Site review by mwagner1962 July 2, 2006
Performance:   Sonics:  
I decided to give this several listens before posting anything, so here goes.

This is my 4th SACD of Mahler's 6th Symphony, and it joins the Telarc/Zander, MTT/SFO, Abaddo/Berlin and Fischer/Budapest.

While Jansons interpretation is not quite on par interpretation-wise with the other four recordings, there is still a lot to recommend. As usual, the Concertgebouw's playing is utterly fantastic, with some excellent playing from the brass and woodwinds. String playing is very fine (as usual) though I would have liked a little more umpf from the opening strings....Jansons opening movement is nearly lacking in passion as compared to the other recordings. Other movements are fine, yet seem to sometimes loose some emotion and passion along the way.

What really shines here is the superb sound captured by the recording team. Space, air, is there in plenty!!! I really prefer the sound of Concertgebouw recording done live, as for many years I found recordings made there to be borderline boomy...what I and friends jokingly called the "Grotte Zaal" effect....and this was not always a compliment. Live recordings removes all of the "effects" in my opinion.

Regarding the placement of the 2nd and 3rd movements. I do not subscribe to the sometimes passionate debate of the arrangement. I can honestly say that if I heard two different orchestras play Mahler's 6th with the two middle movements placed differently each night, I would not be bothered in the least, nor would it affect my enjoyment of the performances.

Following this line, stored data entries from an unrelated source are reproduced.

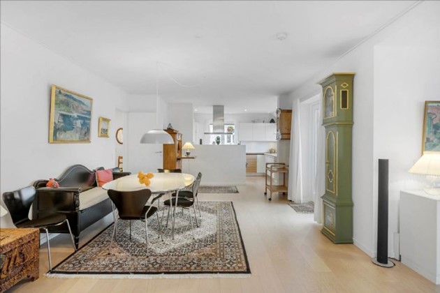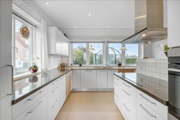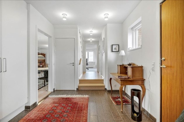 Ejendommen, som blev omfattende moderniseret i 2007/2008, tilbyder en gennemtænkt planløsning med flere luksuriøse faciliteter. Blandt disse er en rummelig entre med Moseløkke-granitgulv og gulvvarme, et praktisk bryggers, og et moderne køkken med state-of-the-art hvidevarer og direkte adgang til en solrig, ugeneret terrasse med glaspavillon.
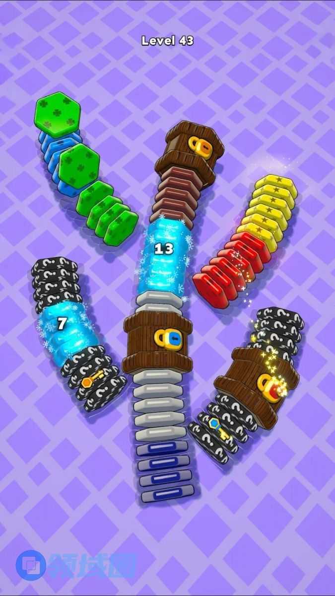 介绍:熟悉的六边形sort,不太熟悉的拼法,同样还是sort玩法,这次换成了俯视角,把各色六边形chips进行颜色sort整理,把两个chips交换,最终把同色chips放在一起,配合上rollic那套关卡元素,整个做成了一种sort益智关卡玩法,而且ASMR做的依然在线,震动、音效、手感、动效都很不错,是个不错的gameplay思路。
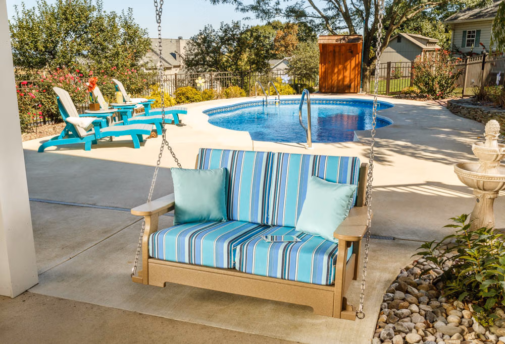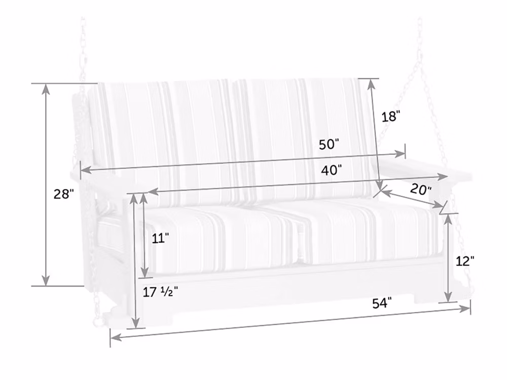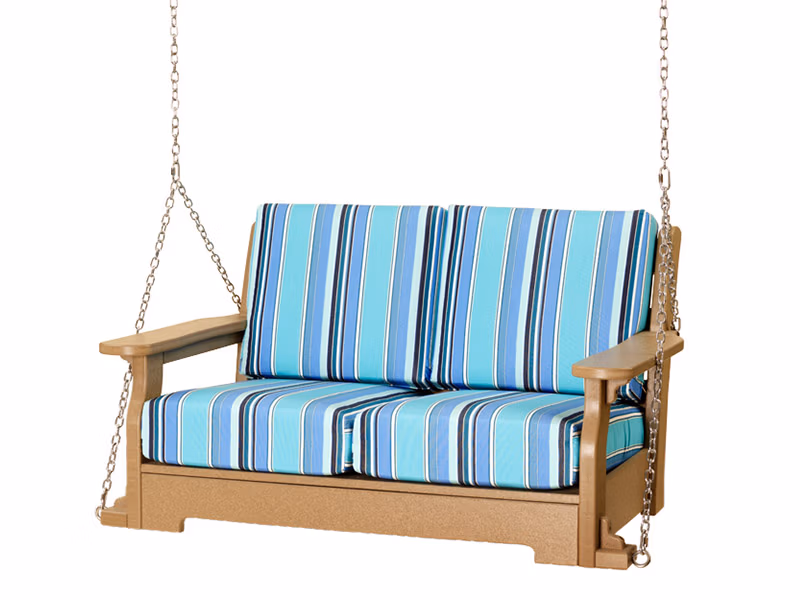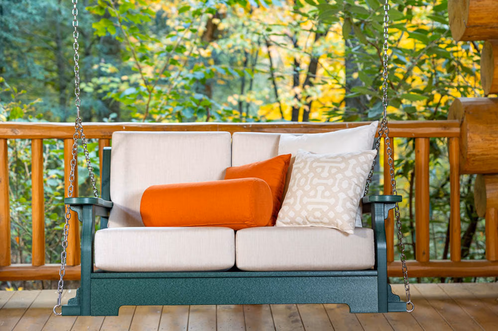 The Van Buren Swing is a deluxe, weather-resistant version of your favorite classic porch swing. While away an afternoon listening to the birds while taking a gentle ride in deep comfort. Comfortably seats 2. Chains included. Customize yours by selecting up to 2 of Finch’s 28 poly colors to create hundreds of unique color combinations!
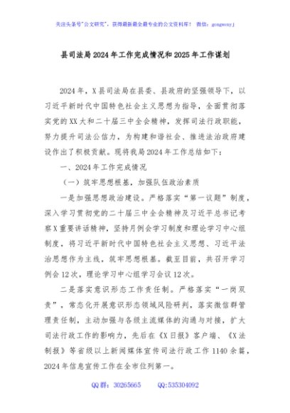 / 县司法局2024年工作完成情况和2025年工作谋划
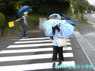 登校する児童とあいさつ運動と兼ねて交通指導をしてくださった役員の方々です。
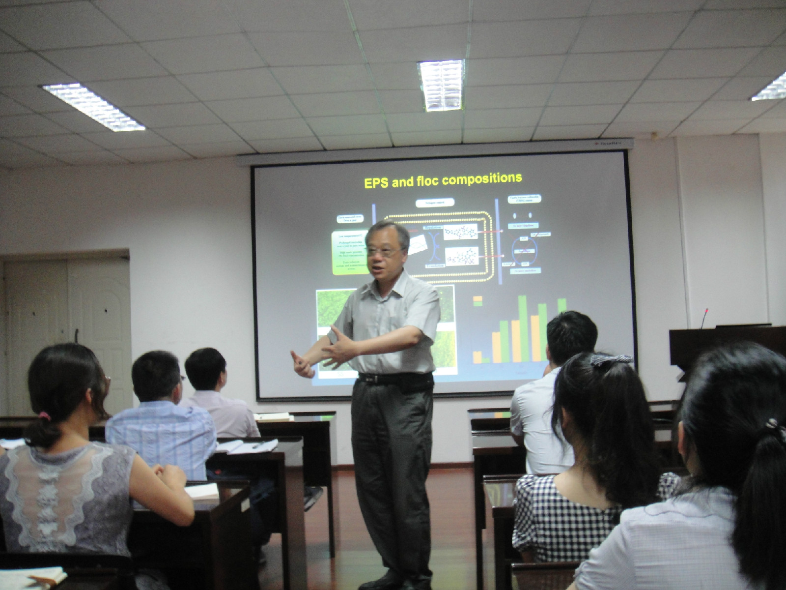 此次访问,李篤中教授作了题为“污泥处置与胞间聚合物”的学术报告。首先对国内外污泥处置的进展作了阐述;其次介绍了各种表征手段对污泥胞间聚合物中不同有机物的结构和分布的研究成果;同时分享了胞间聚合物在膜污染方面的研究。李篤中教授的精彩报告引起了在场科研人员和学生的广泛兴趣。报告结束后,李教授与师生们进行热烈讨论。
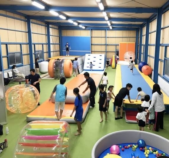 保育園・商業施設向けにAスライド、ロックウォール、トランポリンなど全6種を展開し、非金属構造×衝撃吸収の安全設計で多彩な遊び場を実現
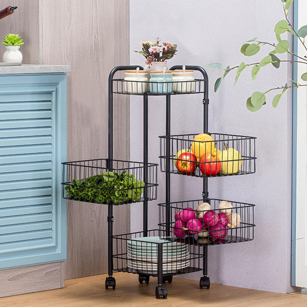Black Iron Multi-Layer Rotating Kitchen Trolley Rack - Black
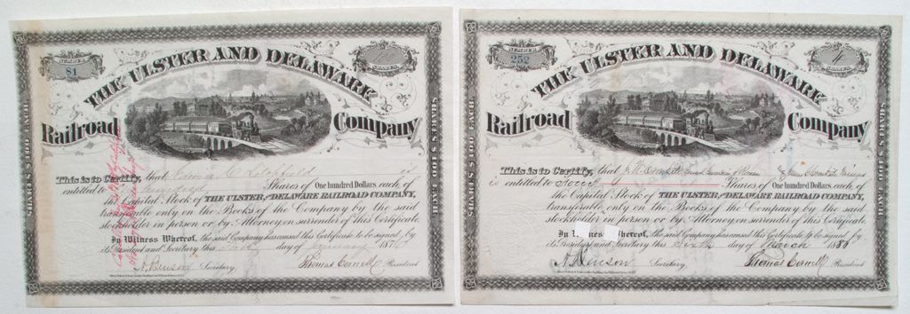 Two stock certificates. One #81, 1876 to Edwin Litchfield and one #252, 1886 to J. W. Cronkite. Both for 11 shares. Large vignette in top middle of steam train running through the countryside. Both signed by Thomas Carroll as president and A Benson as secretary. City: County: State: NY
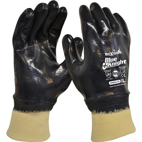 Maxisafe Blue Knight Nitrile Fully Dipped Gloves With Knit Wrist Large Black
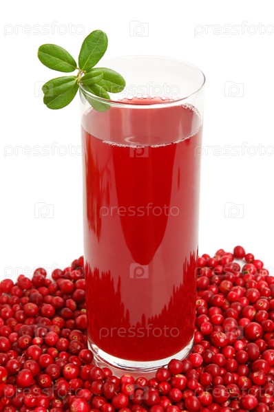 Стекло с свежефруктовым напитком из клюквы и листьев на белом фоне
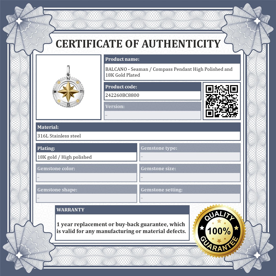 BALCANO - Seaman / Compass Pendant High Polished and 18K Gold Plated
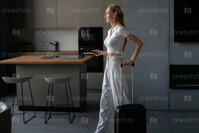 Бронирование путевки и размещение. Молодая женщина с чемоданом в съемной квартире
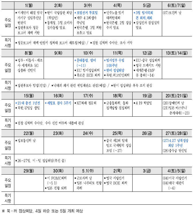 4월은 대외변수가 별다른 영향력이 없으면서 국내 아젠다․이슈가 전면에 부각될 것으로 전망된다. 문재인 대통령의 국정지지도 하락과 자유한국당의 정당지지도 회복이 겹치면서 모든 방면에 걸쳐 과거 정부 책임론 vs 현 정부 책임론이 부딪히는 등 여야 갈등이 심화될 것으로 보인다.
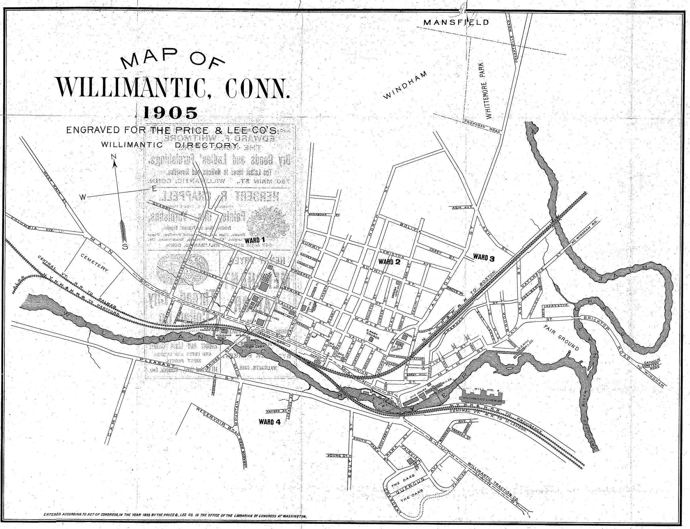 Street map of Willimantic, CT. 1905. Engraved for Price and Lee Company's Willimantic street directory.Collection
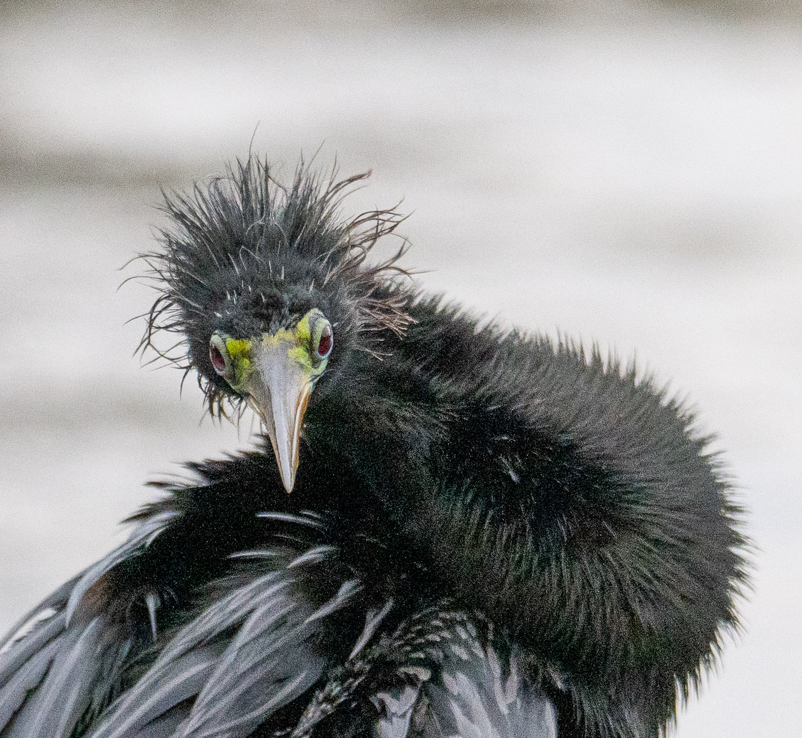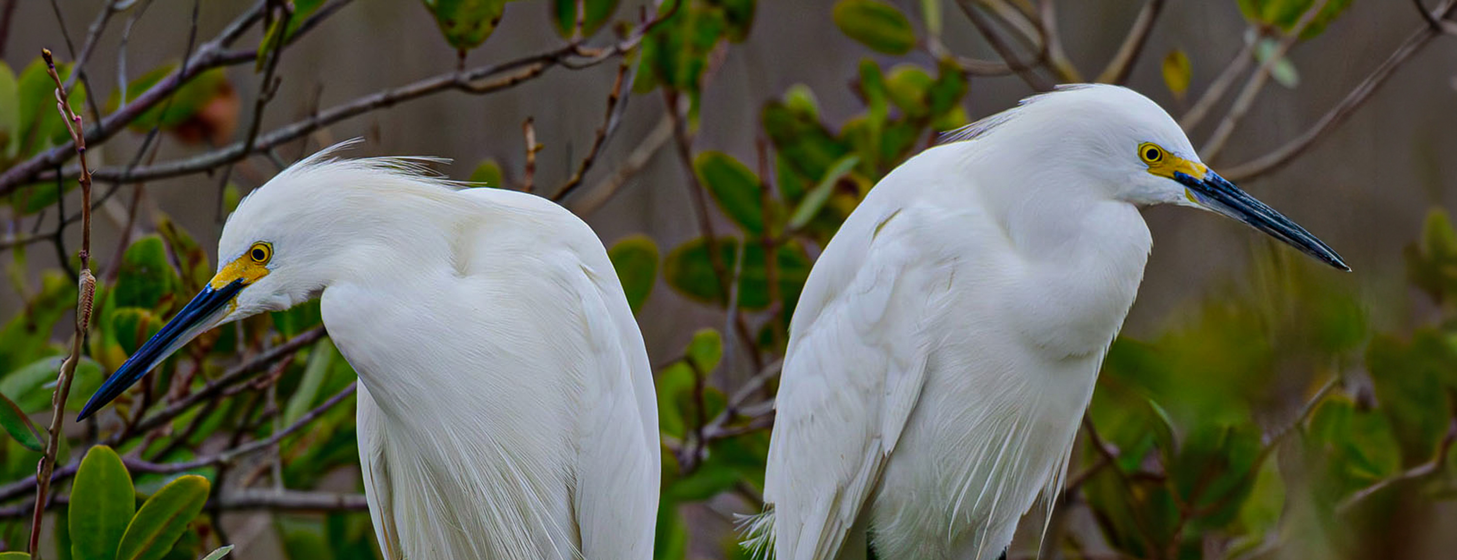 Craig, nice photograph of the Herons ignoring each other. Since this is not a "nature" photo I took the liberty to remove the foliage in front of the right bird's beak. I recropped to remove the bushes on the bottom and added a little space in front of each bird. Also, darkened the background a little. Why do these birds perch so far into the bushes when we try to photograph them? |
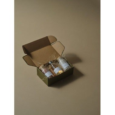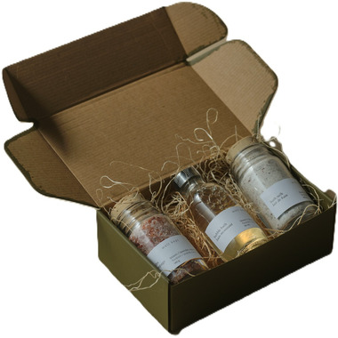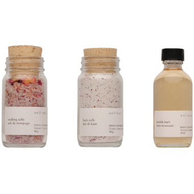 A calming ritual for gentle evenings. This trio includes one-time-use portions of bath milk, soaking salt, and bubble bath in the Bloom scent an essential oil blend of lavender, rose, and frankincense. A thoughtful gesture or small moment of calm.
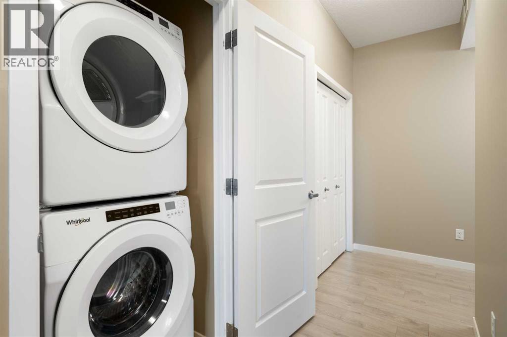 Your opportunity to make your next home in Sandgate, a great condo complex in the highly desirable lake community of Mahogany. This well designed and upgraded 2-bedroom, 2-bathroom corner unit with 900 sq. ft. of living space located on the top floor with a southwest exposure is a rare find. As you approach the unit, you will notice it is located at the end of the wide hallway, being one of 2 units sharing the entire end of the building. Open the door and you will experience the bright crisp freshness of this contemporary home. The 9’ knock down ceilings, vinyl plank flooring, and 2 closets for plenty of storage are great features. A few steps forward and you will be in the open living area with a 10’ ceiling and many windows flooding the space with natural light. Take a look at the gourmet kitchen. There is a massive island with breakfast bar, white quartz counter tops, an abundance of upgraded shaker cabinets with tall upper cabinets, soft closing doors and drawers, an abundance of pot drawers with under-mounted rollers, stainless steel appliances and a water purifier. The generous living room opens to the south facing large balcony with gas line and barbeque. A wall mounted air conditioner with separate compressor keeps the living area comfortable on those wonderful summer days. Wide slat venetian blinds throughout the unit provide the option to block out the light and heat. The spacious primary bedroom features a large walk-through closet and a 3-piece en-suite bathroom with quartz counter, tile floor, walk-in shower and a medicine cabinet. On the opposite side of the unit there is a second bedroom located beside a 4-piece bathroom with quartz counter, tile floor and a medicine cabinet. The stacked front-loading washer/dryer complete this wonderful home. Lightly lived in and well maintained, this unit has been professionally repainted in neutral colours and is move-in ready. There is a titled underground parking stall with a caged storage locker just down the st airwell beside this unit or take a short walk and ride the elevator. The complex offers a bicycle storage room, fitness center in building 10 and 2 guest suites. All this is located within walking distance of the heart of Mahogany with shops, services and all of the lake amenities including a clubhouse, swimming, skating, tennis courts, fishing and so much more. You have easy access to Stoney Trail and only minutes to the South Calgary Health Campus, Brookfield YMCA, public library and the future LRT station. Check it out today! (id:58070)
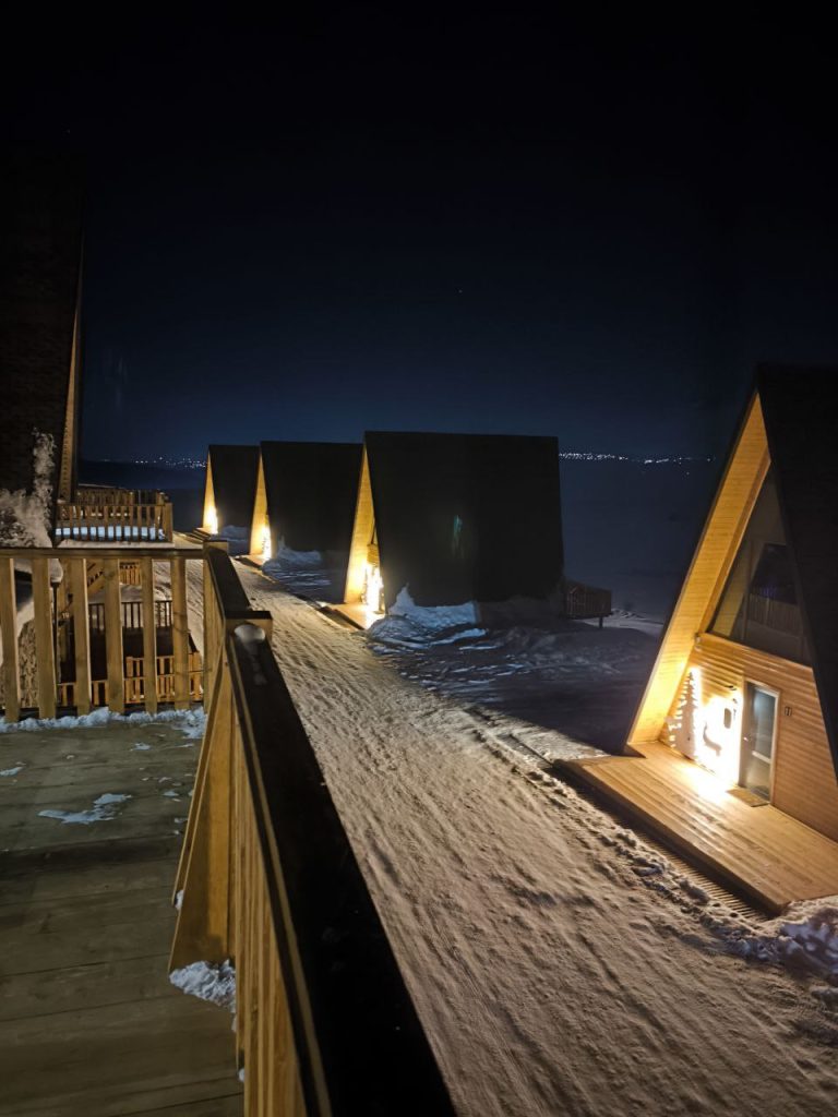.לינה — קיימים בקתות ושאלֶה בסגנון סקי אין סקי אאוט. בתכנון נבנים מלונות ברמה בינלאומית וקומפלקסים של דירות נופש

The Hans Werner Henze piece I will leave to Henze aficionado's/experts, as I bought this SACD for the Mahler. However, I will say that I at least find the piece interesting, but it will take repeated listenings to develop a serious liking/understanding!!!

Overall, while not being the best Mahler 6th I have on both rbcd or SACD, it will still keep its place in my library.


Review by Edvin May 22, 2006 (2 of 2 found this review helpful)
Performance:   Sonics:  
The most obvious comparison here would be Jansons´ earlier LSO Live-version, but I haven´t heard that one, and the main reason for me to get this was the Henze anyway.

There is no shortage of sixths on sacd and the biggest reason for buying this, apart from the coupling, is the playing of the Concertgebouw. The sounds produced here are absolutely marvellous. They sound like they have been playing together for centuries, and that first horn is something to write home about.

Jansons chooses a rather quick tempo for the first movement, his timing is 23.45 (MTT is 24.33). It isn´t as menacing or heavy as some others and he doesn´t slow down so much for the Alma theme, which is lovingly played just the same.

Unfortunately Jansons sees the andante as the second movement, but it is easy to change the order according to ones own wishes. The slow movement is also fast, he takes 15.35 as opposed to MTT 17.27. I prefer the slower tempo. This music is so lovely and I get the feeling that Jansons takes a step away from the inner tensions by playing it quite straight. You cannot destroy this music and Jansons is nowhere near in doing that, but I would have welcomed a more passionate and carressing performance.

The scherzo is again on the quick side, 13.15 (MTT 14.02), but that is only part of the truth since MTT is more flexible with variations of tempos. The great finale is splendidly played, but there is nothing of the hyper drama or total human collapse that you get from Bernstein or MTT in the introduction. The movement takes 31.12 including applause, MTT takes 31.22 without. RCO Live calls the finale "allegretto moderato", but surely it should read allegro moderato.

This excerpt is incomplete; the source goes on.